The 's newest sector isn't getting much love.
Real estate, which was broken out of the financials at the end of the summer to create an 11th distinct sector, is the most underweighted sector by active managers, according to research from Bank of America Merrill Lynch.
Not only is real estate the sector managers are least exposed to relative to their benchmarks, but it is also the sector that the smallest number of managers overweight.
Interestingly, the moderate positioning in real estate stocks could actually serve as a contrary indicator. With so little money in the group, marginal funds may flow out of heavily owned sectors like consumer discretionary and tech, and into the high-yielding real estate stocks.
In fact, the BofAML research team has found that overweighted stocks tend to outperform and underweighted to underperform; unsurprisingly, two of the three most under-owned stocks now are Realty Income Corp. and Federal Realty Investment Trust, they found.

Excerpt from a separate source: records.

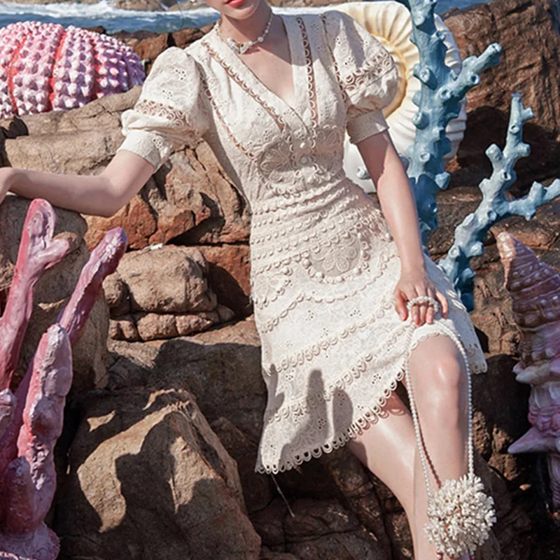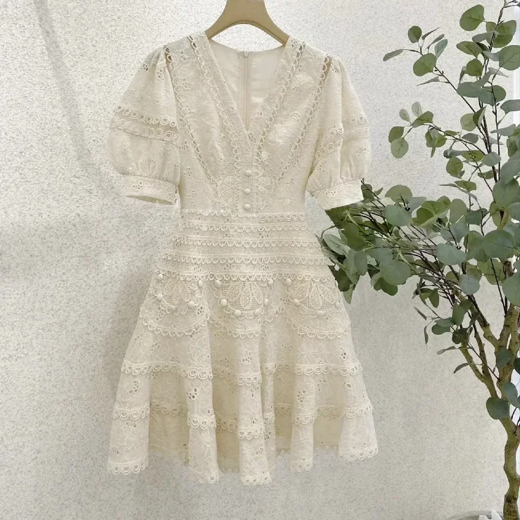 New Vintage Embroidery Lace Elegant Mini Dress High Waist Bodycon JKP4839
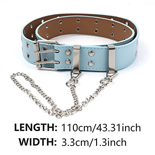 eYLun Double Grommet Leather Belt Punk Studded Belt Rock Jeans y2k Belt for Women Men 3
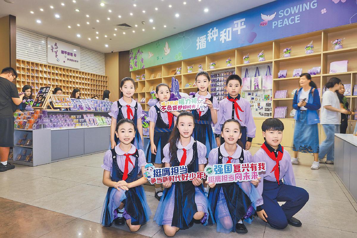 9月3日下午,江蘇省郵政分公司聯(lián)合侵華日軍南京大屠殺遇難同胞紀(jì)念館舉辦抗戰(zhàn)勝利80周年紀(jì)念郵票發(fā)行儀式。圖為在活動(dòng)現(xiàn)場(chǎng)表演節(jié)目的學(xué)生代表來到和平郵局打卡留念?!醢貫I豐 攝影報(bào)道
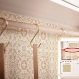 Trouba s ratanovým panelem, horní skříňka/mikrovlnka a závěsná lišta s háčky pomáhají dětem učit se pořádku a organizaci při hraní.
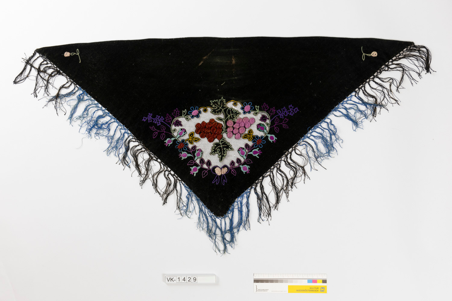 Dreieckiges Schultertuch aus Baumwollsamt mit Blütenmotiven in den Ecken und einem ausgeschnittenen Mittelmotiv, das mit Tüll unterlegt ist (rosa und rote Weintrauben mit Chenillebändern). Die beiden kürzeren Seiten haben schwarze und blaue geknüpfte und vernetzte Fransen.

It is no secret that the yield environment has served as the major problem for real estate names. Bond yields have recently risen substantially, hurting these high yielding stocks. And with the Federal Reserve expected to continue to raise rates in 2017, few appear to see a powerful reason to buy.
"This is an interest-rate sensitive sector, and that scares away a lot of investors," commented Chad Morganlander, portfolio manager at Stifel Nicolaus.

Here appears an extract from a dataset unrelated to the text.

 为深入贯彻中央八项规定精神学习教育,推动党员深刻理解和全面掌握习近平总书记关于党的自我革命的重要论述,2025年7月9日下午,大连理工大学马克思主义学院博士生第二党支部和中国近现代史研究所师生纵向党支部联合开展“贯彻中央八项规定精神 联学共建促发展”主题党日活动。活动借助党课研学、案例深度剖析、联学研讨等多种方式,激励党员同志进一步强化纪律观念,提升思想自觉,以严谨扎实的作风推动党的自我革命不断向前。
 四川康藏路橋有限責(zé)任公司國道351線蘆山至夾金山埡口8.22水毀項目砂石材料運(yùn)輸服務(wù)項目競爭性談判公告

Still, Morganlander is not one of those managers who is underweighting real estate.
"We believe that overall for 2017, this sector is going to catch a bid, and we would be buyers here," he said Tuesday on CNBC's "Trading Nation."
He advises keeping it simple. Rather than picking individual real estate investment trusts, "I would just go out and buy the actual ETF and I wouldn't go into specific names. I think you have a broad-based win by allocation 3 to 5 percent to the real estate sector in one's portfolio."
The Real Estate Select SPDR Fund (XLRE), which tracks the sector, offers a dividend yield of nearly 4 percent. However, the amount of diversification it offers is limited; the ETF tracks just 29 stocks, and the two largest (Simon Property Group and American Tower) make up more than 18 percent of the fund.